Question

In a survey of 1000 American adults conducted in April 2012, 43% reported having gone through an entire week without paying for anything in cash. Test to see if this sample provides evidence that the proportion of all American adults going a week without paying cash is greater than 40%. Use the fact that a randomization distribution is approximately normally distributed with a standard error of SE=0.016. Show all details of the test and use a 5% significance level.
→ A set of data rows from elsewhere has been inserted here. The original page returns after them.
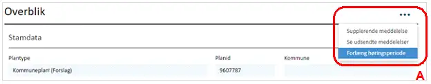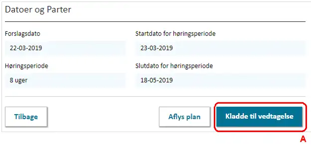 Før kommuneplanen kan sendes i forslag, skal der angives forslagsdato samt start- og slutdato for høringsperioden. Når datoerne er registreret, vil feltet ”Høringsperiode” angive høringsperioden i uger og dage, Figur 18, A. Høringsperioden for kommuneplaner skal være mindst 8 uger. Se mere i planlovens kapitel 6.
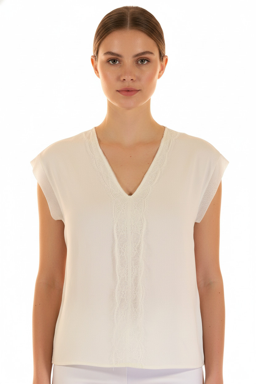 Next Bílá modalová společenská halenka s krátkým rukávem a výstřihem do V Vel. 42
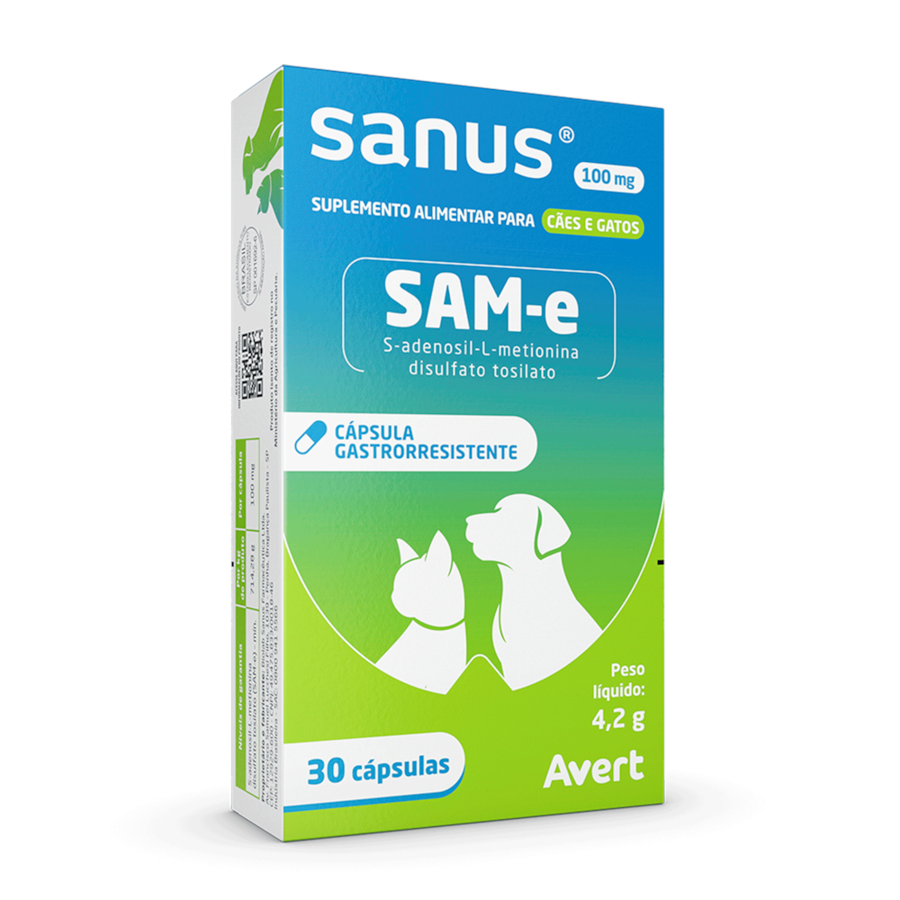 SANUS® 100 mg é um suplemento alimentar formulado com S-adenosil-L-metionina (SAMe), um composto amplamente reconhecido por seu papel no suporte ao metabolismo celular, à função hepática e ao equilíbrio geral do organismo. Indicado para cães e gatos de qualquer idade, o produto é recomendado para animais que podem se beneficiar do aporte desse nutriente essencial.

1. State the null and alternative hypotheses.
2. What is the test statistic? Round your answer to two decimal places.
3. What is the p-value? Round your answer to two decimal places.
4. What is the conclusion?

Answer 1

1) H0 : p = 0.40

H1 : p > 0.40

2) 1.88

3) 0.030

4) Reject null hypothesis H0, since pvalue, 0.0301 is less than significance level, 0.05, and find evidence that the proprtion is greater than 40%.

Explanation:

Given:

Sample size, n = 1000

p = 40% = 0.40

p' = 43% = 0.43

S.E = 0.016

Significance level = 0.05

a) The null and alternative hypotheses.

H0 : p = 0.40

H1 : p > 0.40

b) Test statistic.

Let's take the Z formula:

`Z = (p' - p)/(SE)`

`Z = (0.43 - 0.40)/(0.016)`

`= (0.03)/(0.016) = 1.875`

= 1.875 ≈ 1.88

The test statistic = 1.88

3) For the P-value, we have:

P(Z ≥ 1.88) = 0.0301 ≈ 0.030

P-value = 0.030

Critical value at 0.05 significance level for a right tailed test is 1.645

Decision: Reject null hypothesis H0, if p-value is less than significance level and if test statistic Z, is greater than critical value.

4) Conclusion: Reject null hypothesis H0, since pvalue, 0.0301 is less than significance level, 0.05, and find evidence that the proprtion is greater than 40%.